A precise reproduction of every record below is needed, minus the pictures.

== Segment start ==

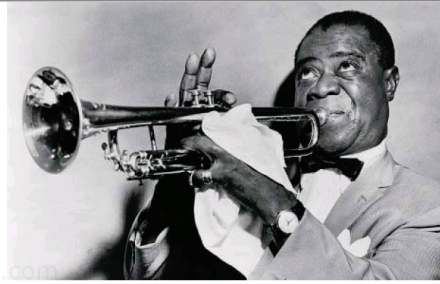
Louis Armstrong, un protagonista de lujo para esta excelente novela negra

Y, por fin, en «El lamento del mafioso», los tres personajes tratan de investigar un asesinato múltiple en el Nueva York de posguerra mientras el director del Copacabana busca dos millones de dólares. Los años del hundimiento de las grandes orquestas de swing obligan a Louis Armstrong a renovarse ante el empuje del bebop de Charlie Parker justo cuando el senador McCarthy empapa a los «diez de Hollywood»
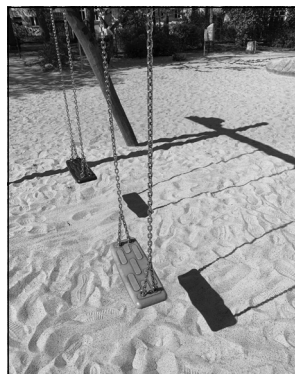
Geburtenknick oder steigende Mieten? Verwaiste Schaukel auf einem Spielplatz.

Chatgruppen mit Elternvertretern. Wer noch nicht Personal abgebaut hat oder Schließung fürchtet, sucht händer-
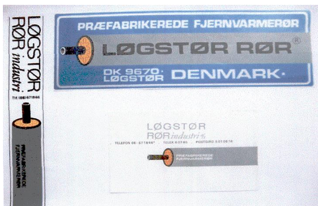
Logo på plastomslag og aluminiumsetiket på rør

stede i slutningen af 1950’erne, fik Kobbersmeden fra Løgstør sammen med familie og medarbejdere, held med sine eksperimenter og fremstillede verdens første PRÆFABRIKEREDE FJERNVARMERØR. De første rør blev, helt naturligt, brugt i Løgstør, men installationskolleger i bl.a. Fjerritslev og Aalestrup lærte hurtigt

== Segment end ==

Result of the task >>
Louis Armstrong, un protagonista de lujo para esta excelente novela negra

Y, por fin, en «El lamento del mafioso», los tres personajes tratan de investigar un asesinato múltiple en el Nueva York de posguerra mientras el director del Copacabana busca dos millones de dólares. Los años del hundimiento de las grandes orquestas de swing obligan a Louis Armstrong a renovarse ante el empuje del bebop de Charlie Parker justo cuando el senador McCarthy empapa a los «diez de Hollywood»
Geburtenknick oder steigende Mieten? Verwaiste Schaukel auf einem Spielplatz.

Chatgruppen mit Elternvertretern. Wer noch nicht Personal abgebaut hat oder Schließung fürchtet, sucht händer-
Logo på plastomslag og aluminiumsetiket på rør

stede i slutningen af 1950’erne, fik Kobbersmeden fra Løgstør sammen med familie og medarbejdere, held med sine eksperimenter og fremstillede verdens første PRÆFABRIKEREDE FJERNVARMERØR. De første rør blev, helt naturligt, brugt i Løgstør, men installationskolleger i bl.a. Fjerritslev og Aalestrup lærte hurtigt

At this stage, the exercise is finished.